Leichenflecke waren sichtbar, vor allem an den Beinen.
»Drei Messerstiche in der Herzgegend«, stellte Craig fest. »zentimetertief. Akkurat gesetzter Abstand. Messer – oder Dolch? Könnten symbolischen Charakter haben.«
Paul nickte. Um die Wunde herum sprossen rote Flecke auf dem Kleid wie ein Tintenbild. Auch aus Suzans Mund rann ein Faden bereits geronnenen Blutes, woraus Paul schloss, dass sie schon einige Stunden als Leiche hier draußen verbracht hatte.

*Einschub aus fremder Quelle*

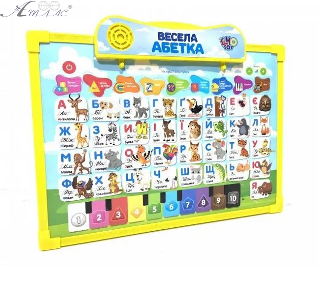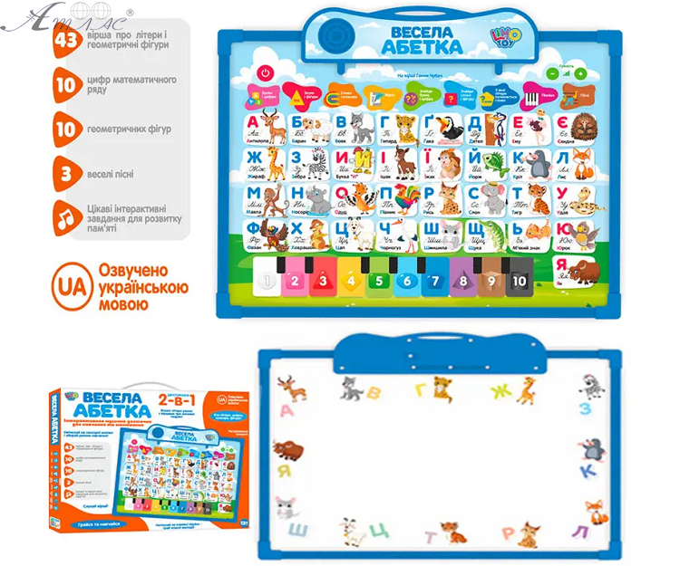 Інтерактивна двостороння дошка Веселий алфавіт 2 в 1, арт. SK 0020 Прогрес не стоїть на місці і поряд із звичайними іграшками з'явилися іграшки нового покоління – інтерактивні. Вони взаємодіють з дитиною та обмін інформацією в такому режимі сприяє активізації уваги, а також тому, що дитина з інтересом засвоює нову інформацію. Функції: - 43 вірші про літери та геометричні фігури - 10 цифр - 10 геометричних фігур - 3 веселі пісні - Цікаві інтерактивні завдання для розвитку пам'яті - веселе піаніно Зі зворотного боку дитина виявить мольберт, на якому можна малювати фломастерами! Розмір дошки: 35 х 25 х 2 см. Фактичний відтінок виробу може відрізнятися від представленого на фотографії через особливості кольоропередачі екрану.

Die Hitze des Tages staute sich innerhalb der Mauern und Paul tupfte sich mit einem Zipfel seines Taschentuchs den Schweiß von der Stirn. In seiner Hosentasche fand er zwei Paar Vinylhandschuhe, die er vorhin dem Handschuhfach des Streifenwagens entnommen hatte. Routiniert zog er sie über, unterdessen Craig erneut an die Vernunft einiger Hartnäckiger appellierte, doch bitte die Polizei ihre Arbeit machen zu lassen und freundlichst das Feld zu räumen.
»Wissen Sie, wir sind sonst wenig bis gar nicht hier draußen«. Ava flüsterte fast. »Die Hoftür ist abgeschlossen. Die meisten Fotografen, mit denen ich zusammenarbeite, bevorzugen unser hauseigenes Fotostudio. Dabei sind die Lichtverhältnisse ideal. Und jetzt, wo der Baum so schön blüht … ein toller Hintergrund für ein besonderes Shooting.«
Sie zog ebenfalls ein Taschentuch hervor und schnäuzte sich kräftig. Pauls Hände begannen in den sterilen Handschuhen zu schwitzen, während er vorsichtig die Leiter nach Spuren abtastete. Er meinte, vorhin einen ganz bestimmten Namen eines Fotografen aus Avas Mund gehört zu haben. Klar und deutlich stand Joe Wisemans Visage vor ihm: der Typ, der einfach die älteren Rechte gehabt und damals Jade frisch von der Uni weg entführt hatte. War der Wahl-New-Yorker hier vor Ort?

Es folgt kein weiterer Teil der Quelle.